A radio and podcast outreach fits well with the CMA’s mission of “promoting authentic Catholic health care,” according to McGovern. He organized CMA networking opportunities with other national apostolates when the U.S. Conference of Catholic Bishops hosted a “Convocation of Catholic Leaders” for the new evangelization two years ago.

A meeting organized with CMA members and Catholic radio executives during the Orlando convocation, attended by McGovern, Mullally and Black, gave birth to the idea for “Doctor, Doctor.” Black offered the studios and experience of Redeemer Radio to facilitate next steps.

McGovern recalled that the program’s name emerged when McGovern and Mullally entered the convocation site wearing white coats and an attendee held the door for them, nodding and saying, “Doctor. Doctor.”

According to McGovern, “Andrew and I looked at each other and said, ‘That’s it. That’s the name for our new show!”

“We wanted to engage the culture,” McGovern said of the CMA’s interest in media and public affairs — a faithful zeal that has increased as the organization itself has seen membership surge 5 percent-10 percent annually in recent years.

The CMA wants to help all audiences understand that “Catholic medicine is more than just ‘saying no’ to certain issues at the beginning and end of life,” McGovern said. “Our faith infuses everything” because seeing health care through a Catholic lens encompasses concerns about human dignity, the whole person, the common good, truthful integrity and principles of the Church’s social teaching.

He said the CMA also wants to help support doctors, nurses, students and various practitioners and assistants defend their understanding that a Catholic approach “is very different from the typical principles in use in medicine today.”

Moreover, Mullally pointed out the show’s important assertion that “faith and medicine are intimately related and not opposed to each other, as secular influences would have you believe.”

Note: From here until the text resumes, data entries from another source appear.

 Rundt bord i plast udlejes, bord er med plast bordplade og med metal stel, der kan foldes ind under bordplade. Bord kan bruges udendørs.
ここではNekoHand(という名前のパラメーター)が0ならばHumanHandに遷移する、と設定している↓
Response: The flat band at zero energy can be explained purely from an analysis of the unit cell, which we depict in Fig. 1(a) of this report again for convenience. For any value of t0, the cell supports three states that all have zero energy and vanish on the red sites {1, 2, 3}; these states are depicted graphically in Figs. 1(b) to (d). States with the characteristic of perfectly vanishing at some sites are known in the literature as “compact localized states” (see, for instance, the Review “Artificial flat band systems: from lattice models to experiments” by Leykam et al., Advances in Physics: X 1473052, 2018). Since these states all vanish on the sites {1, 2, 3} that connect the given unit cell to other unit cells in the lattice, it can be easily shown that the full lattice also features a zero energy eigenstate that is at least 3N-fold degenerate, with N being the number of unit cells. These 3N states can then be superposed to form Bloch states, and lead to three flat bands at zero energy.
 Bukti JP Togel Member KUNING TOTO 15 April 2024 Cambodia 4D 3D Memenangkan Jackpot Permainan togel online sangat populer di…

McGovern said his service on the CMA national board helps him identify a range of hot topics and leading experts for “Doctor, Doctor.” Discussions planned for shows that start airing nationally this month include the physician burnout epidemic and its implications for patients; treatment and understanding of attention deficit hyperactivity disorder; the social effects of hormonal contraception on women and men related to dating, romance and marriage; and a congressman’s proposal to promote price transparency and hospital competition in health care reform.

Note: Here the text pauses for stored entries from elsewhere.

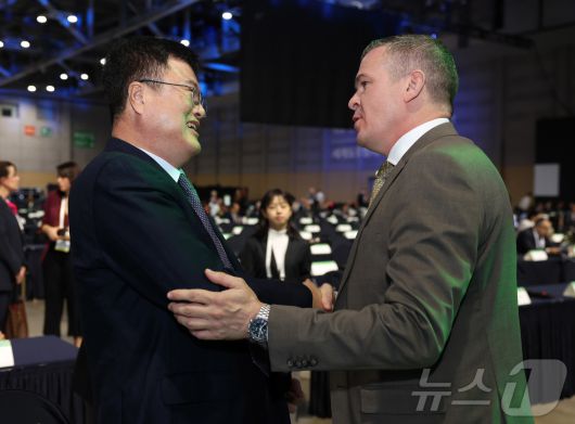 (서울=뉴스1) = 김대현 문화체육관광부 제2차관이 5일 부산 해운대구 벡스코에서 열린 세계도핑방지기구(WADA) 총회 폐회식에서 위톨드 반카 WADA 회장과 인사를 나누고 있다. (문화체육관광부 제공. 재판매 및 DB 금지) 2025.12.5/뉴스1urodoct2@news1.krCopyright ⓒ 뉴스1. All rights reserved. 무단 전재 및 재배포, AI학습 이용 금지.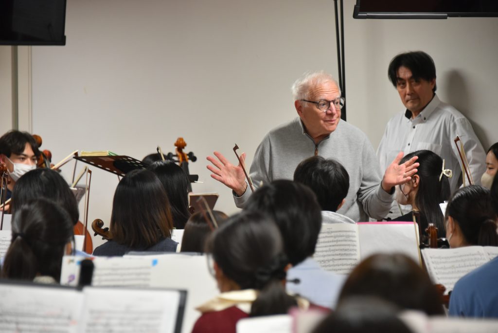 この機会は、同部の指揮者・金山隆夫氏がかつてセントルイス交響楽団でスラットキン氏の指導を受け、その後も親交を深めてきた長年の絆によって実現したもので、スラットキン氏が本学を訪れるのは3年ぶり。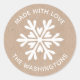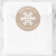 A kraft paper and white snowflake sticker with the words Made with love. Personalise it with your family name or business name. Fun for your homemade or handmade Christmas neighbour treats and gifts, or for your craft business. Designed for you by Blackberry Boulevard.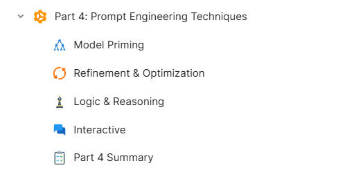 W4R isn’t a generic "how-to" manual. It's a purpose-built actionable playbook designed to take you from foundational concepts to advanced strategies.Each section progressively builds your prompting knowledge and skills, ensuring consistent improvement at every stage.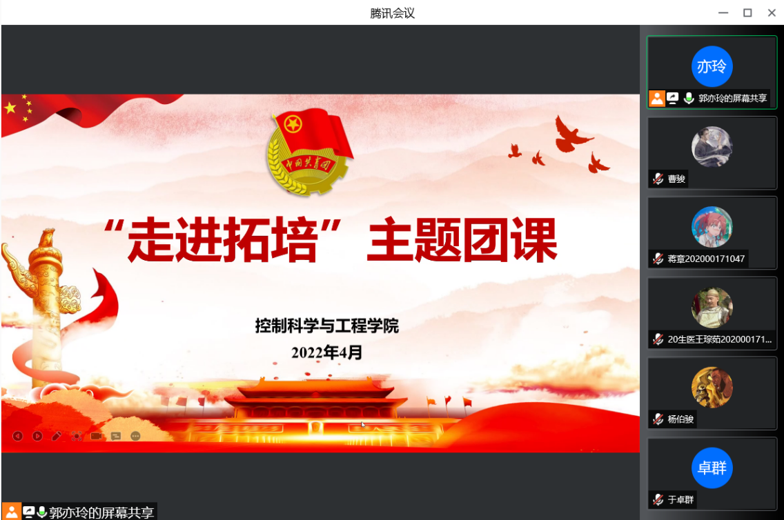 为认真落实《山东大学关于修订本科人才培养方案的指导意见(2020)》以及《山东大学学生素质拓展培养计划实施方案》精神要求,全面实施素质教育,培养德智体美劳全方面发展的社会主义建设者和接班人,4月21日,控制学院线上召开“走进拓培”主题团课,2020级辅导员郭亦玲担任主讲人,300余位团员参加团课。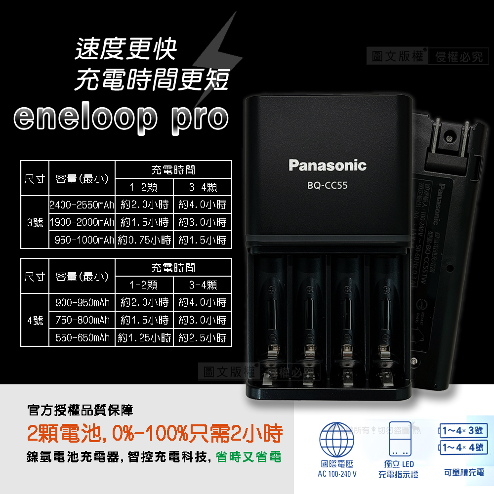 全球變壓AC 100-240V 可單槽充電,獨立充電指示燈 2顆電池充電時間只需2小時 低記憶性不須放電
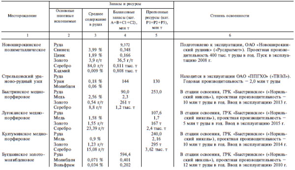 В восточной части приграничной территории края (Могочинский административный район) разведаны и эксплуатируются рудные и россыпные месторождения золота, разрабатывались месторождения молибдена (Давендинское), выявлен ряд перспективных на молибден рудных площадей (Костромихинское месторождение, Горбичанское рудоуправление, Усть-Кудеченское, Боровое рудные поля). Прогнозные ресурсы этой части территории края оцениваются по золоту в 911,3 тыс. т, по молибдену – 143,2 тыс. т, вольфраму – 119,0 тыс. т [Эпов и др., 2003].

The breadth of conversations resonates beyond those with Catholic values, McGovern said. “A lot of secular listeners would probably be interested, too.” 

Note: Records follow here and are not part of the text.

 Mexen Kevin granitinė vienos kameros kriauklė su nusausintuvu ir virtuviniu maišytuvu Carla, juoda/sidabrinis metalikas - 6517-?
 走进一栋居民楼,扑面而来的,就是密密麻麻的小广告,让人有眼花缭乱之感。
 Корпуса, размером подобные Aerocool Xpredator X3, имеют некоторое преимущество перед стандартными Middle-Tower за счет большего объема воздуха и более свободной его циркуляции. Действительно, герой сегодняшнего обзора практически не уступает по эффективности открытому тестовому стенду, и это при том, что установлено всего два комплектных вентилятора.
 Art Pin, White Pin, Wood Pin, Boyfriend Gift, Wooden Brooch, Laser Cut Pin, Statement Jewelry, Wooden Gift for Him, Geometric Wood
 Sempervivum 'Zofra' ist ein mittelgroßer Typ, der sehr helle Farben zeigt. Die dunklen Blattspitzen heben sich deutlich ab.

Andrea Serrani, the Redeemer Radio producer who has helped oversee the program’s growth, said the audience response to both the local broadcasts and the archives, accessible anywhere via podcast providers, has been robust.

“It’s the most downloaded and subscribed show on Redeemer Radio and has the furthest reach already,” Serrani said.

Radio broadcasts are an evangelizing awareness-builder about the global availability of the wide-ranging recordings, McGovern said. All the components for last year’s successful launch — and the new potential from more than 380 EWTN affiliate stations — came together through people and organizations in the Diocese of Fort Wayne-South Bend. A vibrant presence of the Catholic Medical Association helped make that possible, he said; this is one of the few dioceses in the United States with two chartered chapters, encompassing the St. Andre Bessette, C.S.C., Catholic Medical Guild in South Bend.

One more message likely to be spread by “Doctor, Doctor” is the spiritual nature of informed, empowering conversations. No one is served well when “the myth of moral neutrality” limits discussion, on the air or in person, McGovern said. “Every conversation between a doctor and a patient is a moral conversation.”